We are told early on in Big Miracle that “everybody loves whales!” It’s both an excuse and a rallying cry and, had Ken Kwapis‘ film stuck with its first moniker, it would have also been the title of his latest film. Someone apparently had the foresight to slay that terrible name, but it’s still managed to worm its way into the finished feature, where it’s pronounced earnestly, practically begging for its audience to nod and say, “yep, it’s true – just everybody loves whales.” Strangely enough, it’s that tossed-aside title that sums up Big Miracle quite neatly – earnest, insane, and conducive to crowd participation and (positive) involvement.

The film ostensibly centers on local television reporter Adam Carlson (John Krasinski), who has been tasked with spending time in various locales around the state in order to craft colorful pieces about Alaskan life. Adam is just about to finish his stint in Barrow, which is a good thing, as material is running scarily thin (his latest piece is about the town’s sole Mexican restaurant, a spot that, bizarrely enough, becomes of the film’s primary locations). While attempting to gather more material with his best pal, Inuit tweenager Nathan (while how the odd couple became pals is never explained, their bromance is actually sort of sweet), Adam stumbles upon the biggest story of his career – a family of whales trapped in the growing ice, miles from open sea, in desperate need of some kind of rescue. Adam’s inevitable news piece on the situation steadily gathers interest across the country, and soon tiny Barrow is deluged with all manner of people looking to get in on the action (oh, and maybe to save the whales).

While that story may sound simple enough, Big Miracle is about twenty times more complicated and convoluted than it initially reads. Barrow becomes ground zero for an ungodly amount of people and interests – best exemplified by the film’s leading ladies, who show up to serve as both love interests to Adam and as representatives of diametrically opposed interests in the context of the whales. Drew Barrymore plays her usual brand of cockeyed optimist, Greenpeace zealot Rachel Kramer, who continually appears to be the one person genuinely concerned with the actual well-being of whales, while Kristen Bell‘s Jill Jerard is a big-haired television reporter from Los Angeles who just wants to land a good story.
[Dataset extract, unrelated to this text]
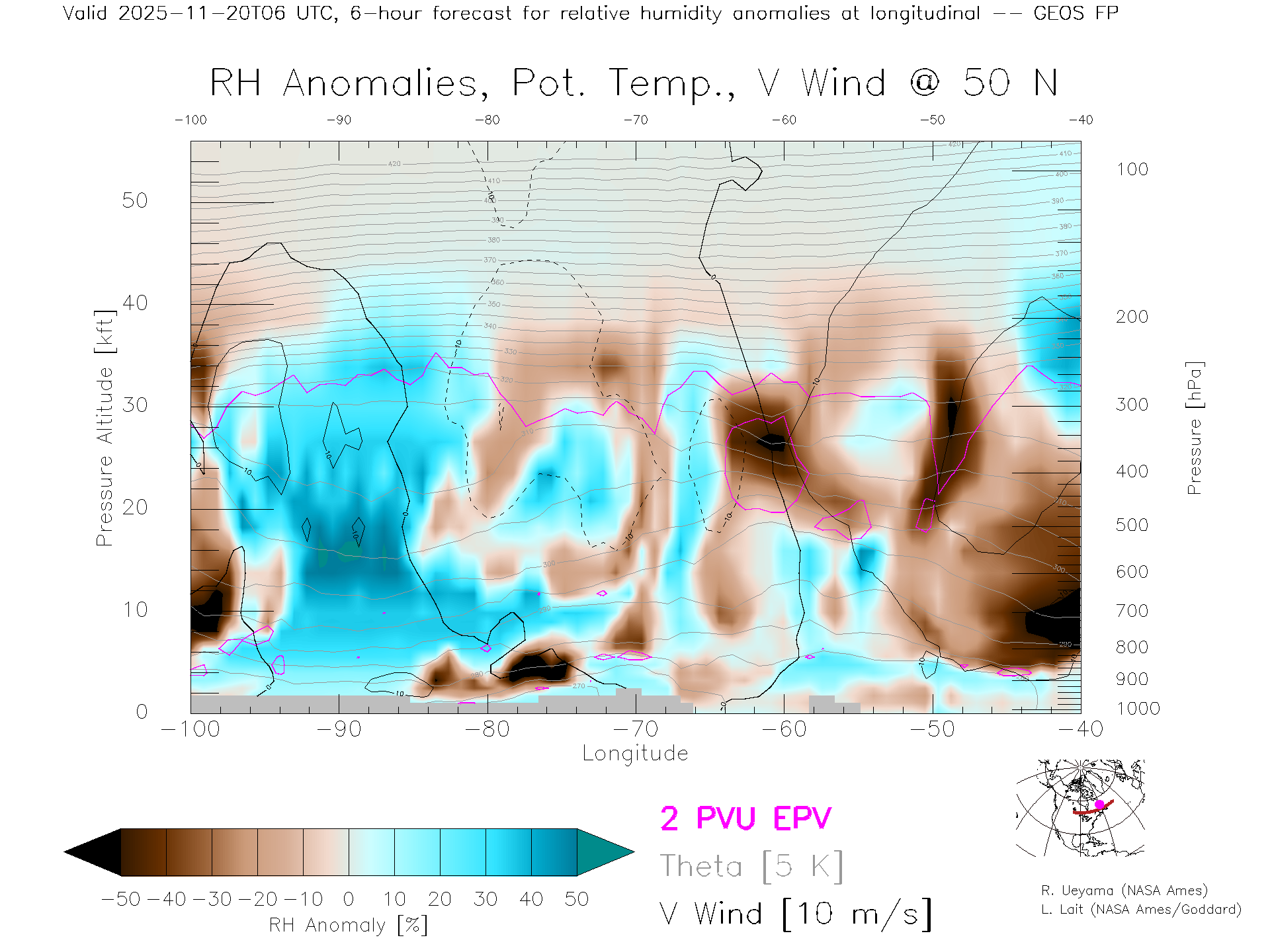GEOS Forecast Rel. Hum. X-Section (50 N)

In addition to the environmentalists and the journalists, Big Miracle is also overrun with big oil, the government at large, the local Inuit population, the military, the town’s inhabitants, and even a couple of out-of-state yokels who show up to save the day on their own terms. Despite the built-in drama of animals and peril and the dueling interests of a whole cast of nutbars, Big Miracle is virtually without conflict. Of course, there is the appearance of conflict – will big bad oilman J.W. McGraw (Ted Danson) do the right thing, will the Inuits back off from their plan to harvest the whales, will those cute little schoolchildren who are repeatedly shown watching the entire thing unfold via television ever recover from such drama? Go ahead and guess. But amidst the film’s adherence to tossing together people, places, ideas, philosophies, and plans and mistaking the whole stew for an actually well-crafted movie, Big Miracle accomplishes something wholly unexpected – it is almost unfathomably entertaining and engaging. It’s ludicrous and more than a bit strange, but it’s also very sweet, quite well-intentioned, and consistently charming. It may even be deserving of that oft-used slice of poster art: “crowd-pleasing.”
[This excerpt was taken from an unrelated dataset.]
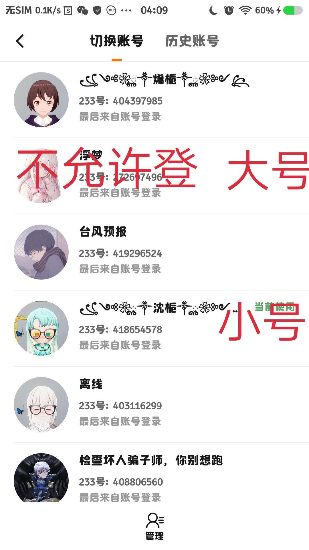 你们要哪个账号?。每人只能登一人
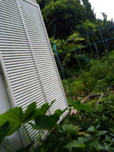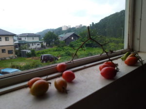 玄米を洗う前に、玄関前の写真を少し取りました。雨上がりで生まれたてのやぶ蚊の赤ちゃんが猛烈な勢いで迫って来ます。『愛の献血を~!』冗談じゃないてぇ~のッ!。何だかがむしゃらに向かって来てチクン!と痛いのよね。庭仕事には蚊取り線香が必携です。庭のトマトも面倒見なくっちゃね。

Of course, it’s also entirely possible that Big Miracle could make even less sense than it already does (which is to say, not a whole damn lot), because the film is (incredibly enough) based on a true story. Even more incredibly enough, Big Miracle actually sticks to a number of facts while telling its true story; “Operation Breakthrough” did take place in 1988, three whales were trapped in the Beaufort Sea, a barge was initially dispatched from Prudhoe Bay to break the ice, and Soviet Union icebreakers were called in to assist (in reality, two icebreakers were involved). See? There is some truth amidst the vast sea of insanity that Big Miracle swims in.

The Upside: Watchable to the point of compulsion, Big Miracle manages to hit just about every emotional trigger an audience could possibly possess without any real sense of stakes or conflict. By and large, it’s entertaining, predictable, and easy.

The Downside: Goshwhaleit, the film’s downside is pretty much exactly the same as its upside. Sheesh.

On the Side: Stick around for the credits to see proof positive that one of the film’s most hard to buy sub-plots is legitimately based on fact.